# DATA FOR REVIEW
%%
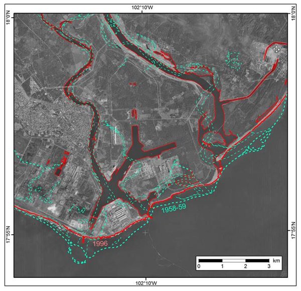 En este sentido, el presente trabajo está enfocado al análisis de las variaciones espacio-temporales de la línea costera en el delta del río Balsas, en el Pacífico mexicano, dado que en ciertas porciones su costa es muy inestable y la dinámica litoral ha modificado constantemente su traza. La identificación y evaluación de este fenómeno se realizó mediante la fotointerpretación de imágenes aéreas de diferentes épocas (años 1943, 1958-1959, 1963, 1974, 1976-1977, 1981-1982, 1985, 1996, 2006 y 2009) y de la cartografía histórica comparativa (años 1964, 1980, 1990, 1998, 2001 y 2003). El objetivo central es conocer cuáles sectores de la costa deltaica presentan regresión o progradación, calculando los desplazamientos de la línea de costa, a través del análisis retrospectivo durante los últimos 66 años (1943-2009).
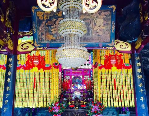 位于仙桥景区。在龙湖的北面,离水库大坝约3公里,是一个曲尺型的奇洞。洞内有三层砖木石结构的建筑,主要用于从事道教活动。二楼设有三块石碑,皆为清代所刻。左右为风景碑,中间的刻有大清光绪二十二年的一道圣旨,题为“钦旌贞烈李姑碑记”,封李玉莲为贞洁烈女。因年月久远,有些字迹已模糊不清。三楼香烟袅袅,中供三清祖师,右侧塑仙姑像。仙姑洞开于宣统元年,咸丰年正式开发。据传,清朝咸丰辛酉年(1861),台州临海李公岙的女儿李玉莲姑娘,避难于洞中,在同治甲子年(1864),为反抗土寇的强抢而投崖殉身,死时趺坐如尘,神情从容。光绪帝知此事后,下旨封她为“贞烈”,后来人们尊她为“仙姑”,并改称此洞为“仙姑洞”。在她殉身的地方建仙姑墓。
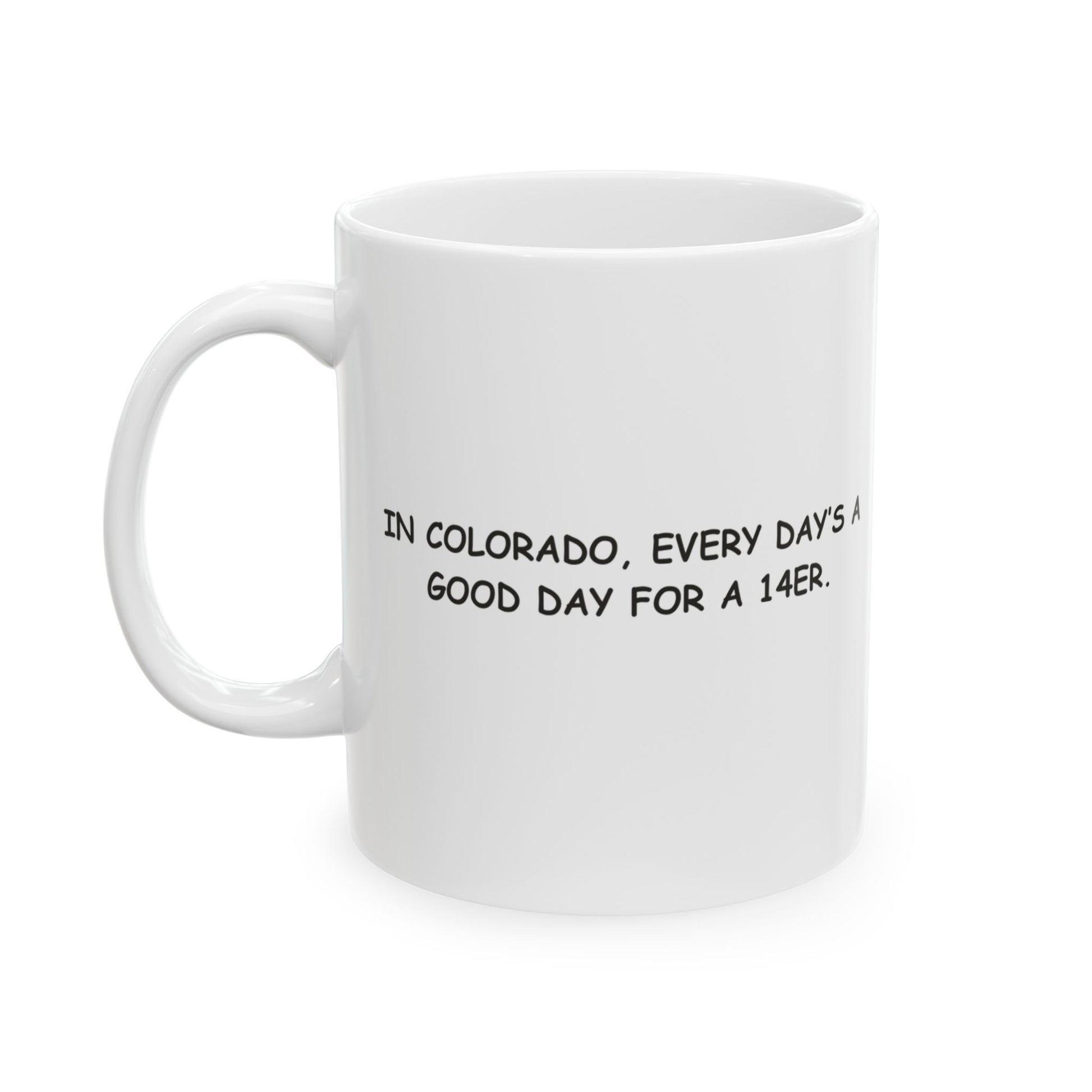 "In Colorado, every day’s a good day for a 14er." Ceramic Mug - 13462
%%
%%
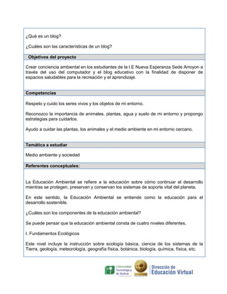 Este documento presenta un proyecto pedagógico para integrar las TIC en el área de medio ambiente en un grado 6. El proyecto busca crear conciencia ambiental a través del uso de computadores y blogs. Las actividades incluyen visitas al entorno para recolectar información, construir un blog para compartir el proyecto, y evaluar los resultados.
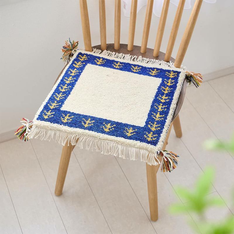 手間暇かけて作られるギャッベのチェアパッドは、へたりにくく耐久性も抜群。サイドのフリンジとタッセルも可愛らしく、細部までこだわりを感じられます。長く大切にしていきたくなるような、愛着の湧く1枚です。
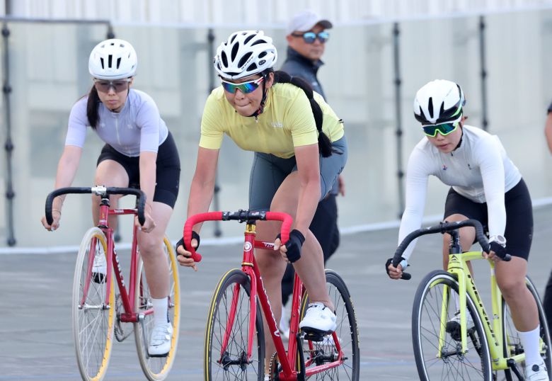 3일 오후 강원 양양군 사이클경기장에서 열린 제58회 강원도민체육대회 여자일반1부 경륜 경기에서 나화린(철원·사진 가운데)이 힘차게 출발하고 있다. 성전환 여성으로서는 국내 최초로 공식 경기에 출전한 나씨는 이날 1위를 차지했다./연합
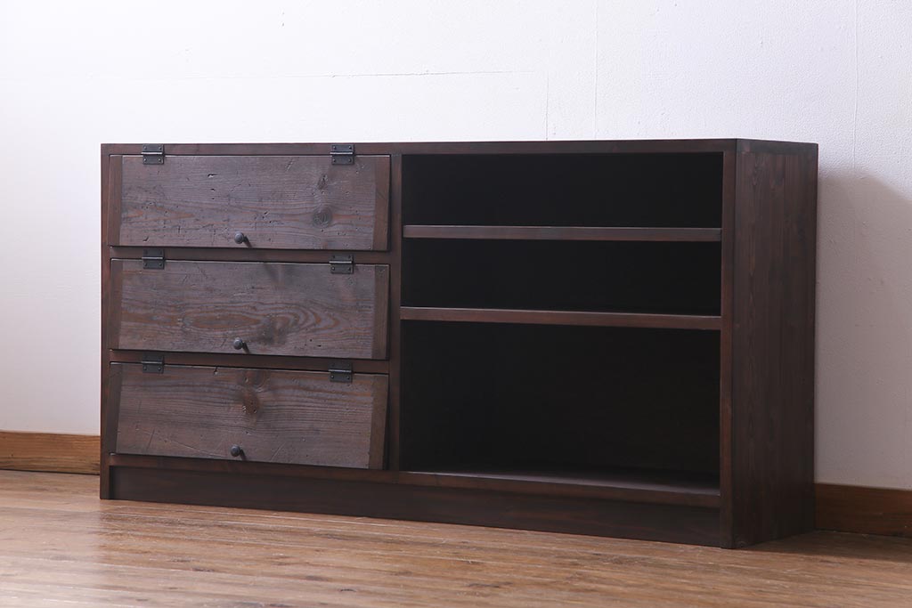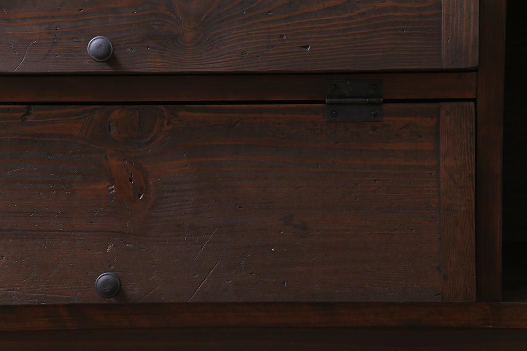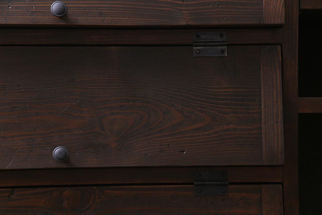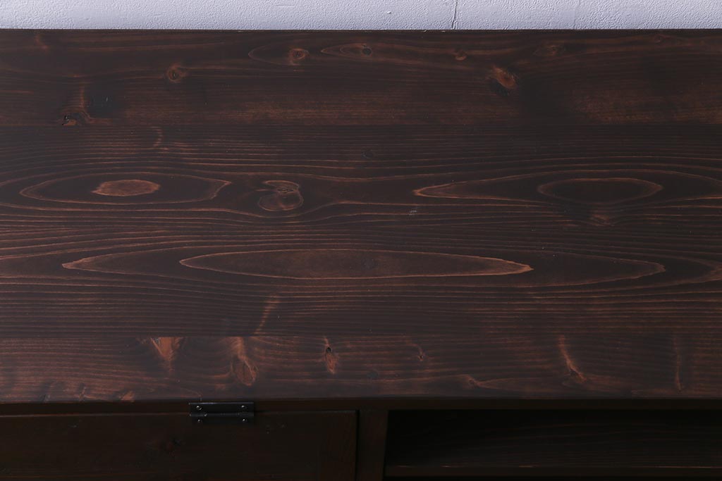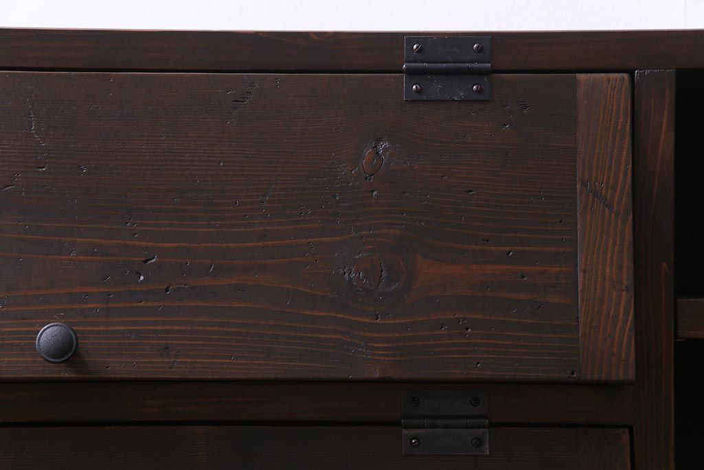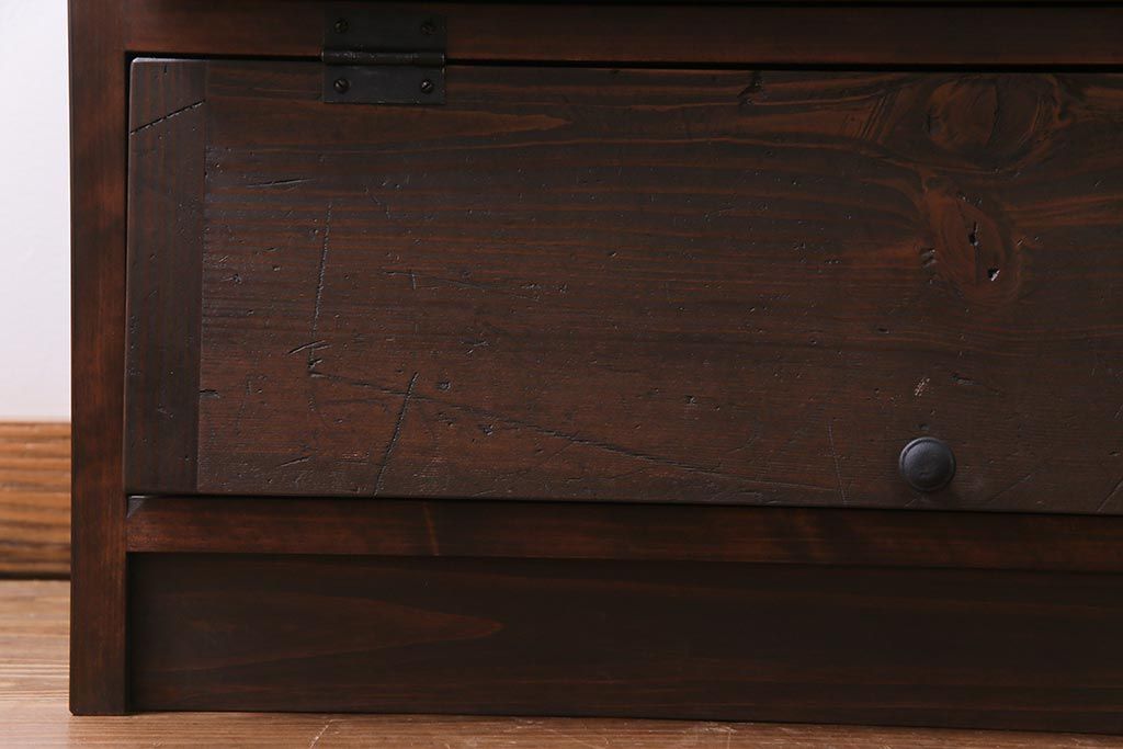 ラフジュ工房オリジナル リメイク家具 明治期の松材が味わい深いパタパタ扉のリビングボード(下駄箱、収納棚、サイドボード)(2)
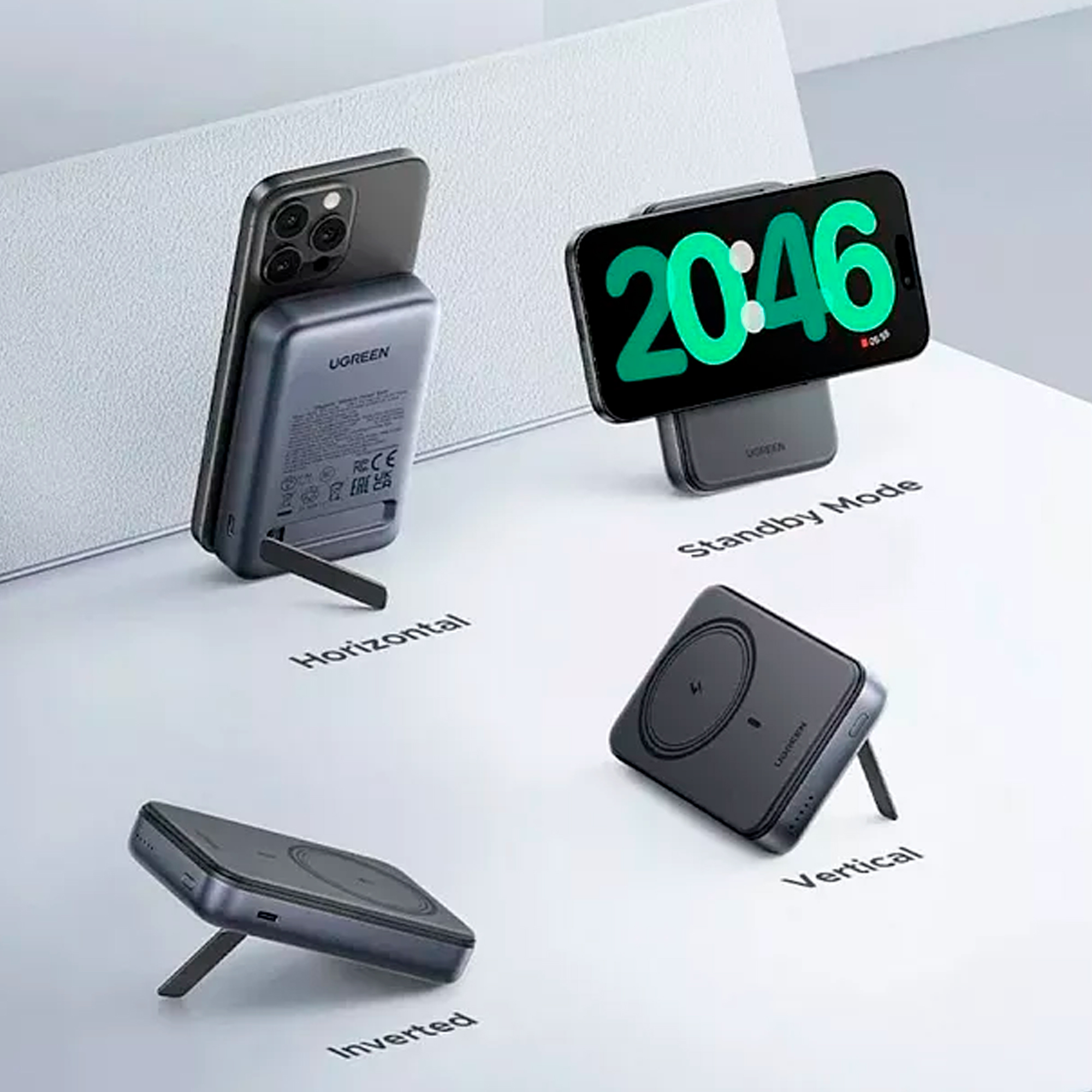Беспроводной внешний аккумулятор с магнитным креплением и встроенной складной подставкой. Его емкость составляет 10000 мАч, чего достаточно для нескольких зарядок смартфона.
%%
%%
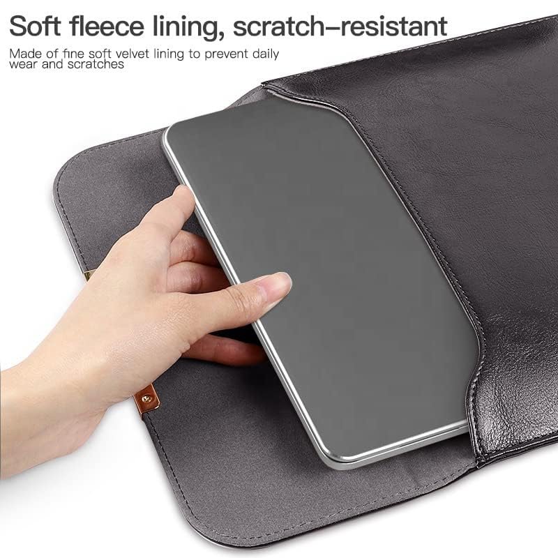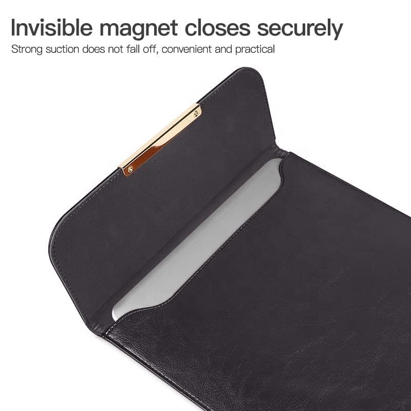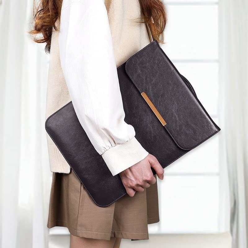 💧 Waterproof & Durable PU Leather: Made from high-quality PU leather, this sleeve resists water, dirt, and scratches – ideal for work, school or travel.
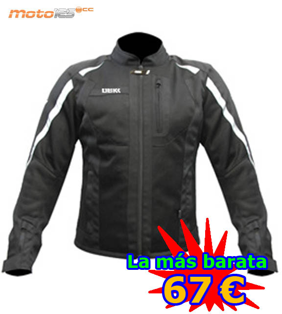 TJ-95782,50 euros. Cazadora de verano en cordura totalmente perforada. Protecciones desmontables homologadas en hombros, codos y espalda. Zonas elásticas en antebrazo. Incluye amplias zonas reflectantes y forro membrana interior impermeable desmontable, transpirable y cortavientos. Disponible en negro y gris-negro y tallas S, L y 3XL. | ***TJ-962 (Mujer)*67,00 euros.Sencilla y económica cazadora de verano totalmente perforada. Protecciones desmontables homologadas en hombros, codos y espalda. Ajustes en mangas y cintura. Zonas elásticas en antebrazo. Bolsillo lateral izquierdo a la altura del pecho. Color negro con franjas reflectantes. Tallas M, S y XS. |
%%
# REQUIRED ACTION
Take the material above from the line containing "Este documento presenta" up to and including the line containing "Беспроводной внешний аккумулятор" and retype it exactly, without any pictures.

# FINISHED TASK
 Este documento presenta un proyecto pedagógico para integrar las TIC en el área de medio ambiente en un grado 6. El proyecto busca crear conciencia ambiental a través del uso de computadores y blogs. Las actividades incluyen visitas al entorno para recolectar información, construir un blog para compartir el proyecto, y evaluar los resultados.
 手間暇かけて作られるギャッベのチェアパッドは、へたりにくく耐久性も抜群。サイドのフリンジとタッセルも可愛らしく、細部までこだわりを感じられます。長く大切にしていきたくなるような、愛着の湧く1枚です。
 3일 오후 강원 양양군 사이클경기장에서 열린 제58회 강원도민체육대회 여자일반1부 경륜 경기에서 나화린(철원·사진 가운데)이 힘차게 출발하고 있다. 성전환 여성으로서는 국내 최초로 공식 경기에 출전한 나씨는 이날 1위를 차지했다./연합
 ラフジュ工房オリジナル リメイク家具 明治期の松材が味わい深いパタパタ扉のリビングボード(下駄箱、収納棚、サイドボード)(2)
Беспроводной внешний аккумулятор с магнитным креплением и встроенной складной подставкой. Его емкость составляет 10000 мАч, чего достаточно для нескольких зарядок смартфона.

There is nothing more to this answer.